• _Supplied material_:
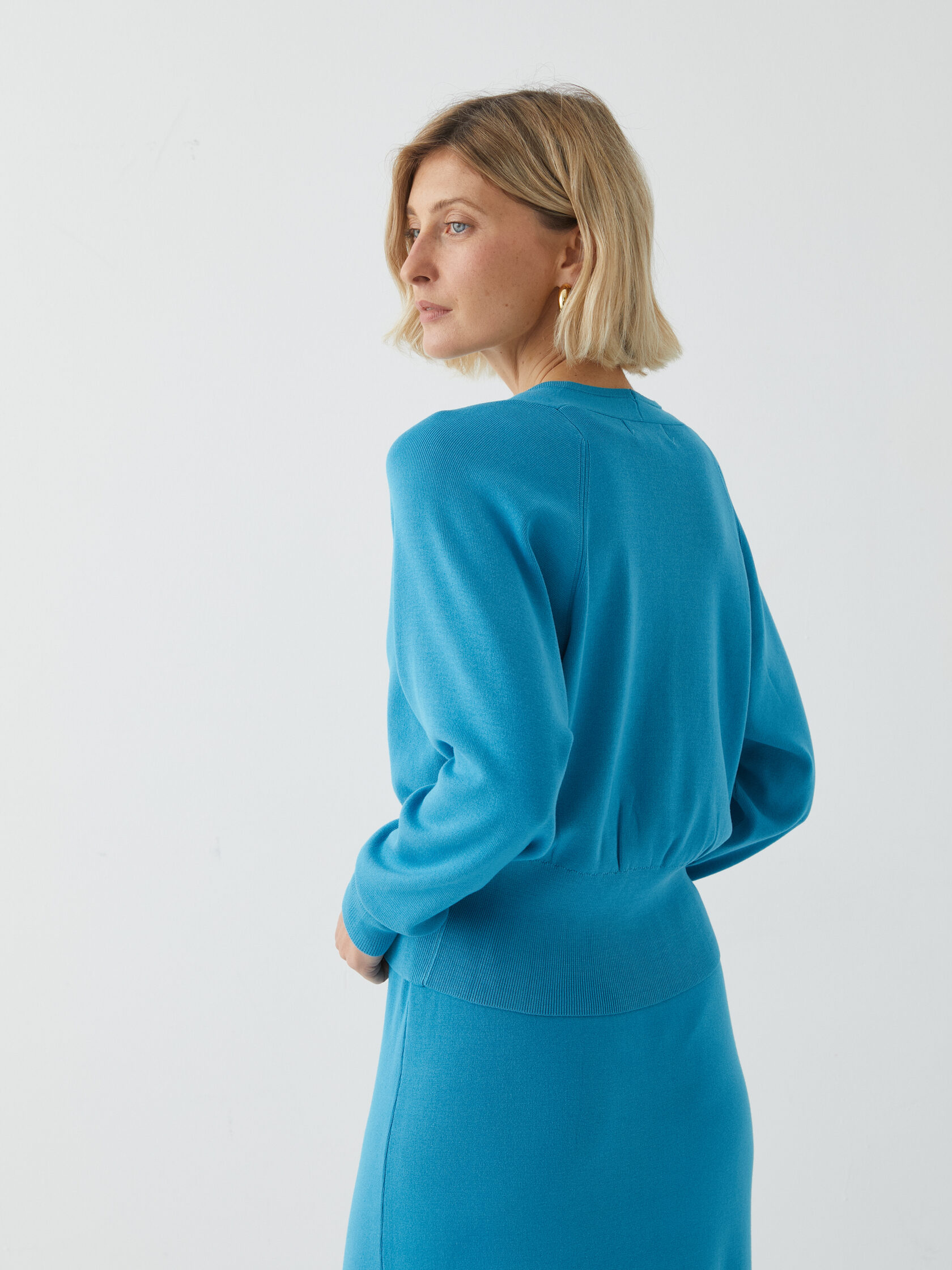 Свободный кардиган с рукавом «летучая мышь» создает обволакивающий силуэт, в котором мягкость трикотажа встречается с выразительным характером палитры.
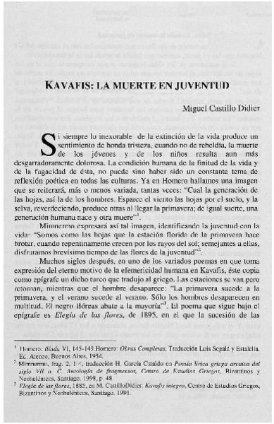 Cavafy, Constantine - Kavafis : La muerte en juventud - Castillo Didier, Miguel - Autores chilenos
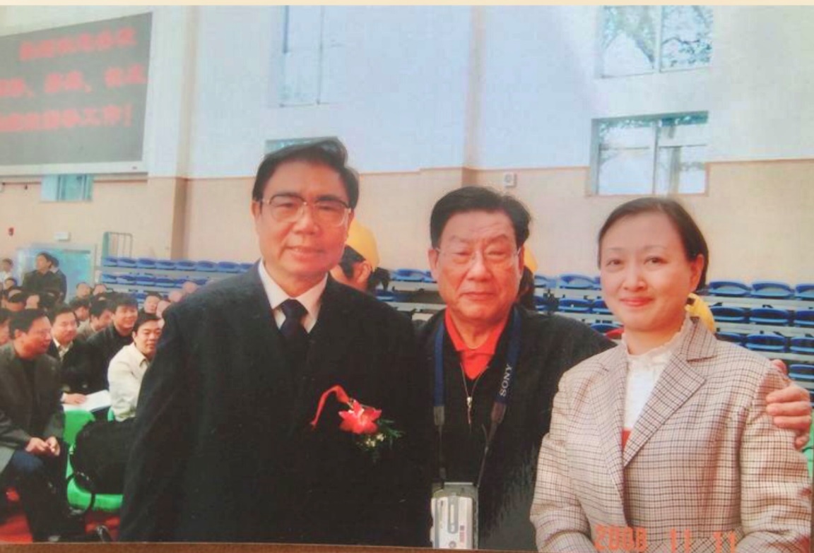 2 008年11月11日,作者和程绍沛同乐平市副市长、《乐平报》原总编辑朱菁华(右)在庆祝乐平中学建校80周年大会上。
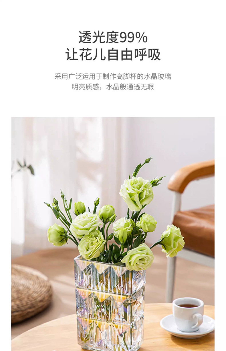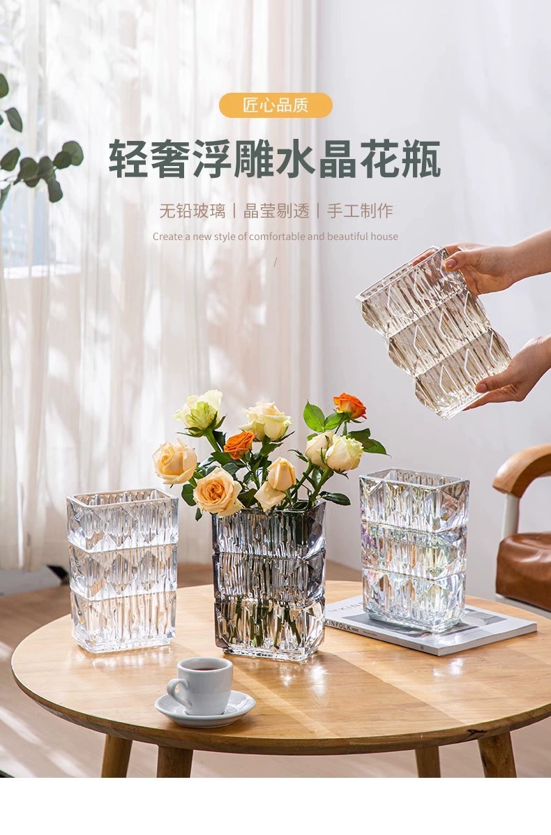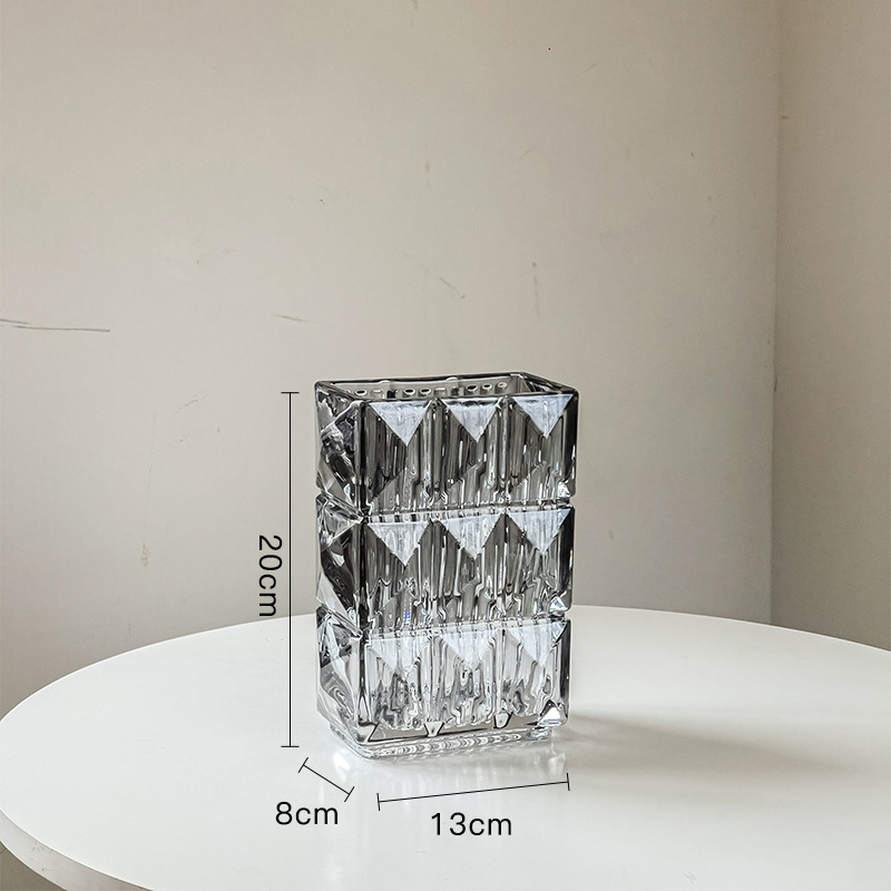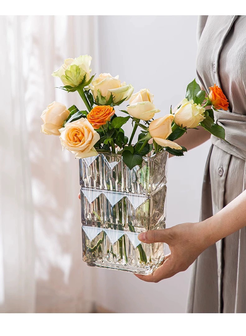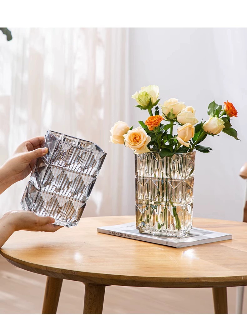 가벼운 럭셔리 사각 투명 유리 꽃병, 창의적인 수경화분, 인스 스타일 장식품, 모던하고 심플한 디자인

• _Exercise description_: Pictures must not appear in the copy, which must otherwise match the listing exactly.

• _Answer_:
 Свободный кардиган с рукавом «летучая мышь» создает обволакивающий силуэт, в котором мягкость трикотажа встречается с выразительным характером палитры.
 Cavafy, Constantine - Kavafis : La muerte en juventud - Castillo Didier, Miguel - Autores chilenos
 2 008年11月11日,作者和程绍沛同乐平市副市长、《乐平报》原总编辑朱菁华(右)在庆祝乐平中学建校80周年大会上。
 가벼운 럭셔리 사각 투명 유리 꽃병, 창의적인 수경화분, 인스 스타일 장식품, 모던하고 심플한 디자인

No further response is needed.